CD4 treated murine monocyte/macrophages also made lower amounts of inflammatory cytokines (e.g., IL4, IFNγ, GM-CSF) and more cytokines associated with development of Treg cells (e.g., IL-10 and TGFβ).

Human monocytes were prepared from whole blood by isolating PBMC on Ficoll and then separating the monocytes from the lymphocytes using a negative selection kit composed of magnetic beads coupled with antibodies recognizing all cells types but monocytes and then removal of the tagged cells on a MACS cell sorting machine. Purified monocytes were incubated with nothing, human IgG (100 ug/ml or 50 ug/ml), TRX1 (50 ug/ml or 10 ug/ml) or aglycosyl anti-human CD8 antibody (50 ug/ml or 10 ug/ml) for 5 days. At that point, the cells were washed 3 times in fresh medium to remove any residual antibody and plated with allogenic purified human T cells (also purified using magnetic beads in a negative selection process) at a ratio of 2 T cells: 1 monocyte. After 5 days the cultures were fed with medium containing 3H-thymidine to measure dividing cells and cultures were harvested 18 hrs later. Data were expressed as the percent of thymidine incorporated in wells containing untreated monocytes and T cells. While anti-CD8 antibody had no effect on the MLR response (or slightly increased the response) anti-TRX1 at both 50 and 10 ug/ml reduced the response to levels below 20% of control. The human IgG at 50 ug/ml response was about 90% of control.
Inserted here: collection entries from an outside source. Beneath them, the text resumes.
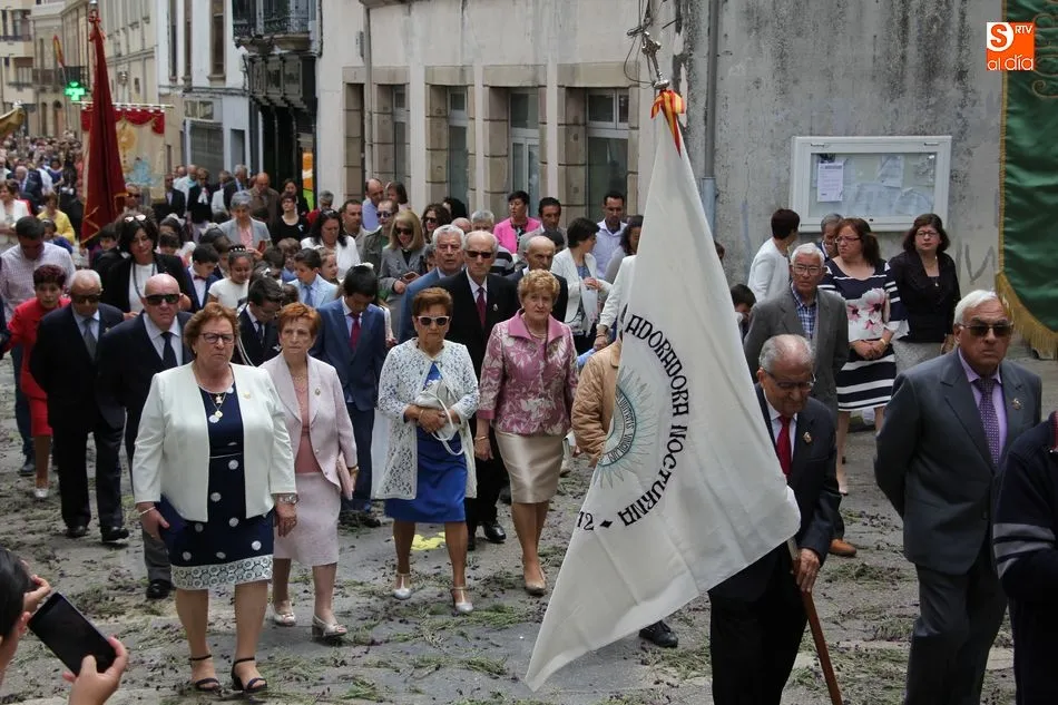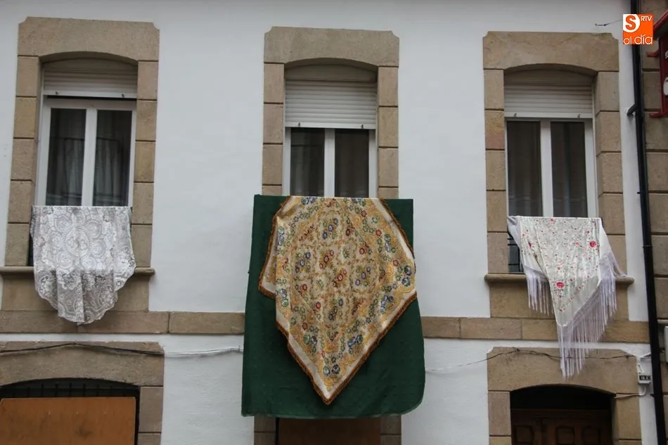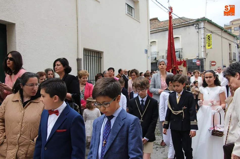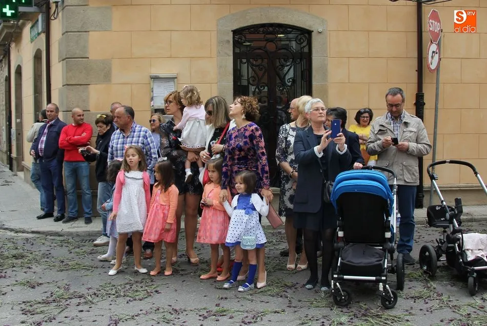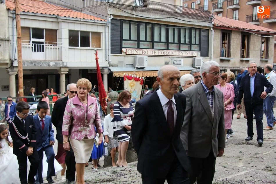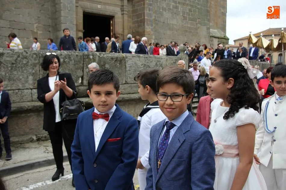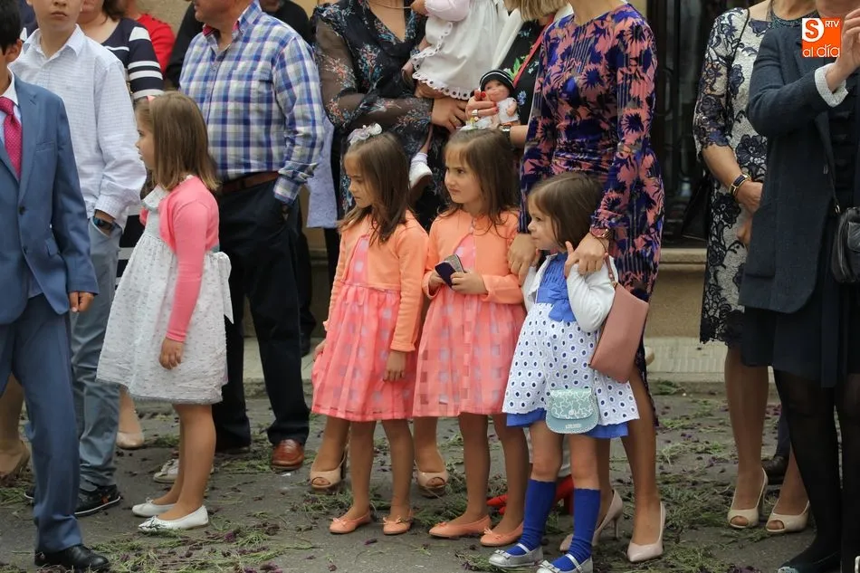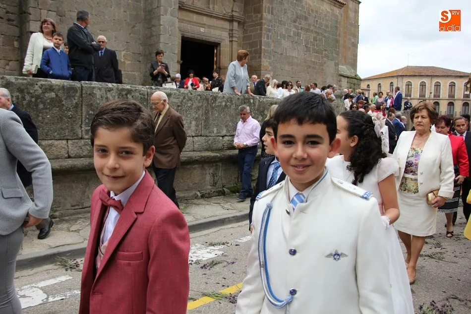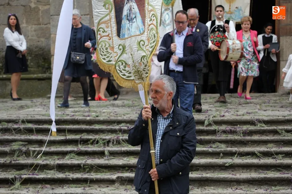 Fernando y Manuel Nieto, en su papel de mayordomos, presidian los actos religiosos en este día grande del Corpus. Tras la eucaristía daba comienzo la procesión por la calles, acto que estaba encabezado por la gaita y el tamboril de Jorge Sousa, tamborilero de la localidad; seguido por una veintena de niños y niñas que los domingos previos habían tomado la Primera Comunión.
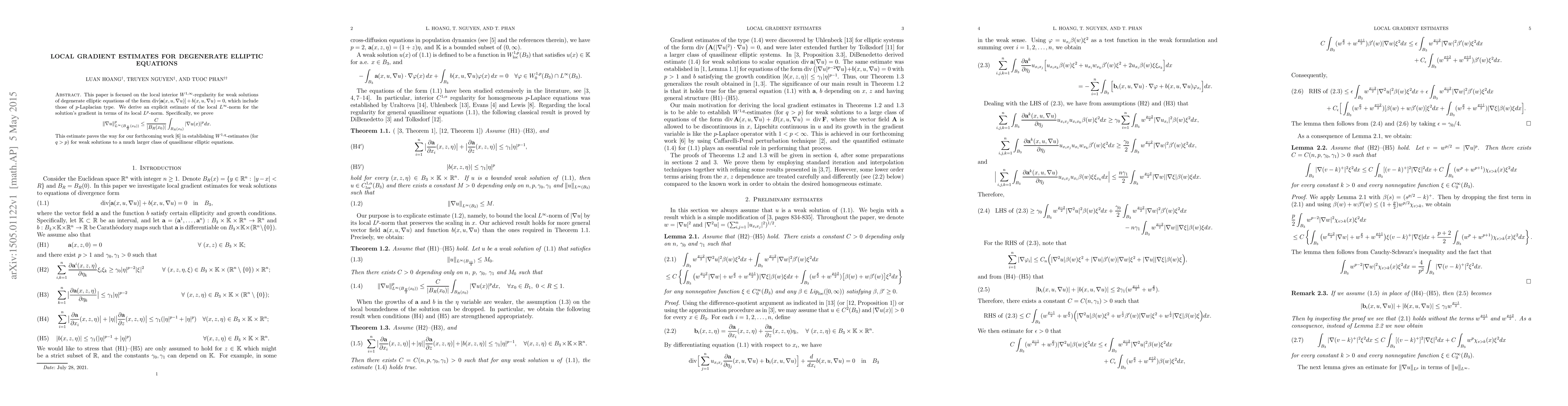 This paper establishes local $W^{1,\infty}$-regularity for weak solutions of degenerate elliptic equations, deriving an explicit $L^\infty$-norm estimate for the gradient in terms of its $L^p$-norm. This paves the way for future work on $W^{1,q}$-estimates for a broader class of quasilinear elliptic equations.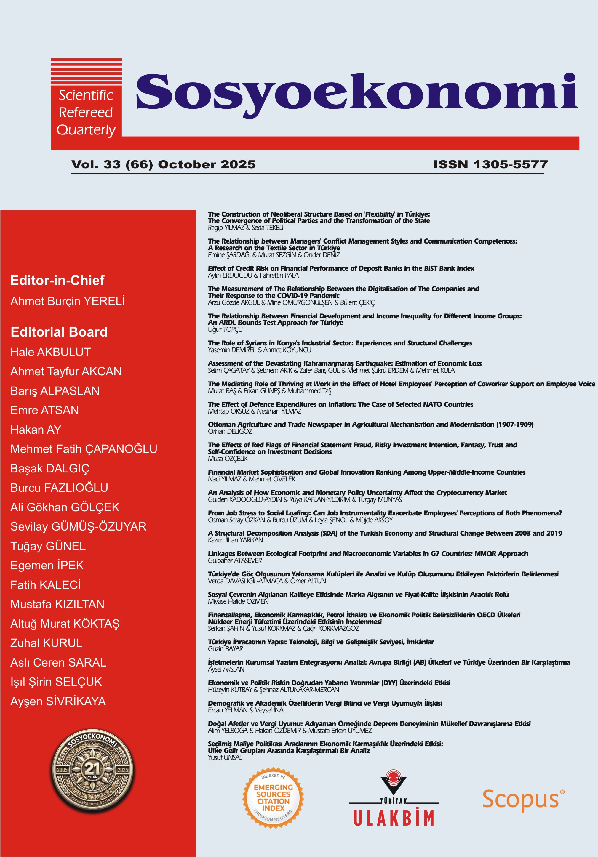 Sosyoekonomi is committed to promoting debates in economics but not only designed for studies and research on socioeconomic issues, but also on public economics and public finance, political economy, business economics, labour economics, law and economics, economic sociology, economic history and also has been published as hard copies and via the internet.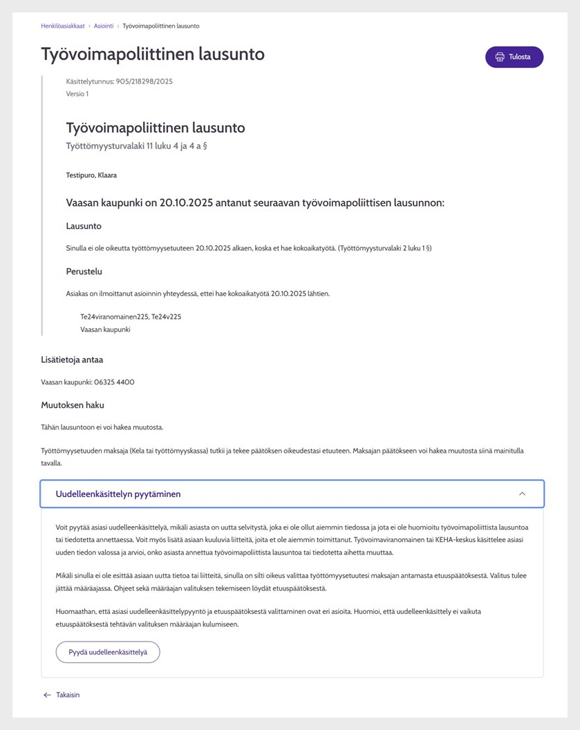 If you do not have the opportunity to submit a request for reprocessing in Job Market Finland Online Service, you can contact the employment services office in your area and request reprocessing.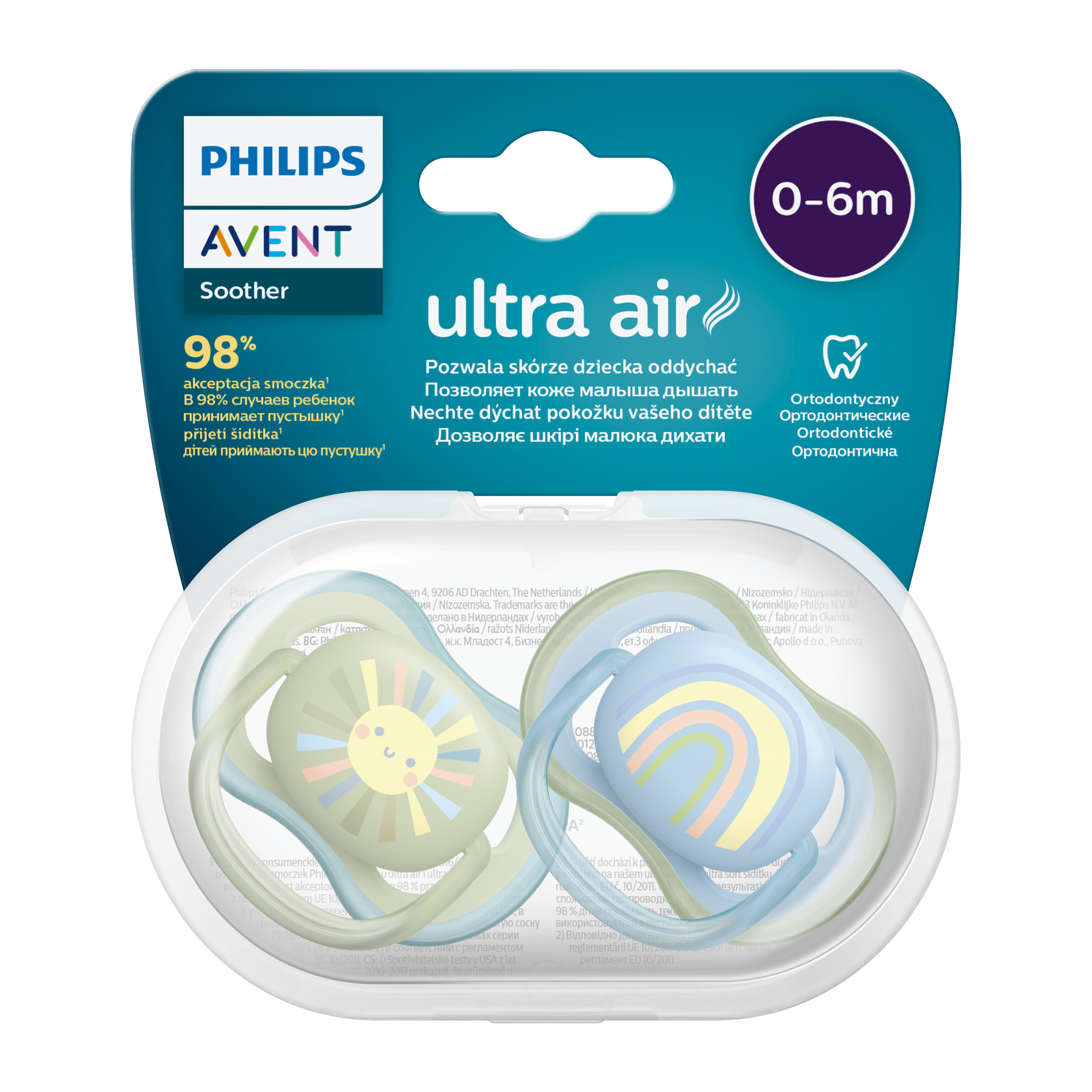 Philips AVENT Šidítko Ultra air 0-6m chlapec (duha), 2 ks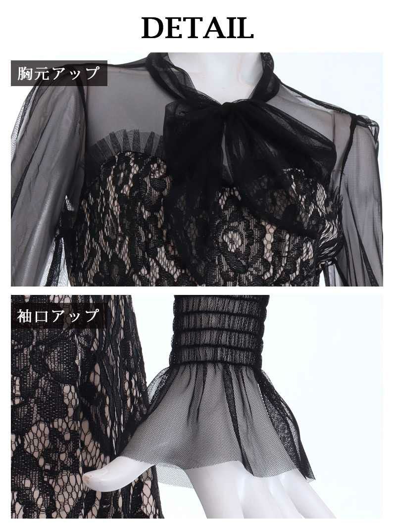 袖付きデザインと透け感レースが、キャバドレスやラウンジシーンに最適な華やかさをプラス。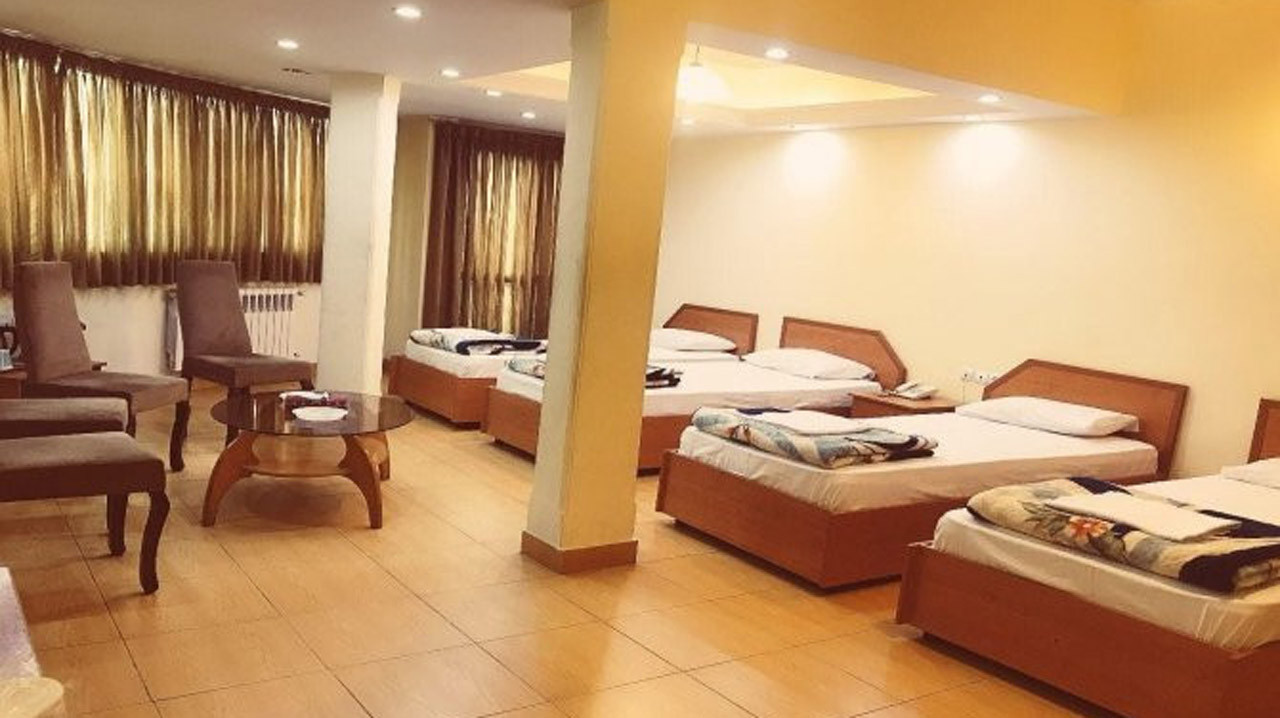 این اتاق برای سفرهای گروهی مناسب است و همیشه طرفداران زیادی دارد. تختهای راحت با پتو و ملحفههای تمیز، پنجرههای بزرگ و نورگیر با پردههای مناسب، قالی زیبا، مبلمان ساده و راحت از امکاناتی است که استراحتی کامل و عالی به شما میبخشد.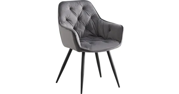 Unser Stuhl Romana setzt ein dekoratives Highlight im Esszimmer. Die schwarzen, pulverbeschichteten Metallbeine geben dem Stuhl Stabilität und einen modernen Stil. Die fest gepolsterte Sitzschale mit Armlehnen wird mit einer edlen Steppung in Szene gesetzt und bietet einen hohen Sitzkomfort.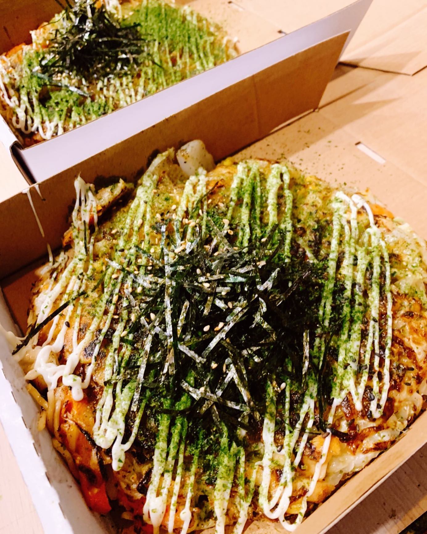 店裡的招牌「日式大阪燒」不只吸引饕客慕名而來,吃過的客人也都讚譽有加。滿滿的高麗菜和五種配料,搭上店家特製的麵糊香煎,底層更鋪上了麵條跟起司,實在太驚喜了!而大阪燒也有奶素、純素兩種可以選擇喔~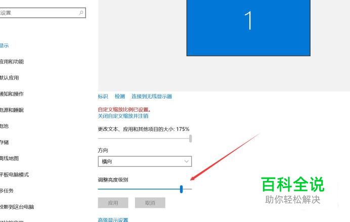 进入显示设置后,鼠标往下拉,找到下面调整亮度级别,拉动上面的横条就可以调节亮度了。

Numerous modifications and variations of the invention are possible in light of the above teachings; therefore, within the scope of the appended claims, the invention may be practiced otherwise than as particularly described.

Equivalents

Those skilled in the art will recognize, or be able to ascertain using no more than routine experimentation, numerous equivalents to the specific polypeptides, nucleic acids, methods, assays and reagents described herein. Such equivalents are considered to be within the scope of this invention and are covered by the following claims.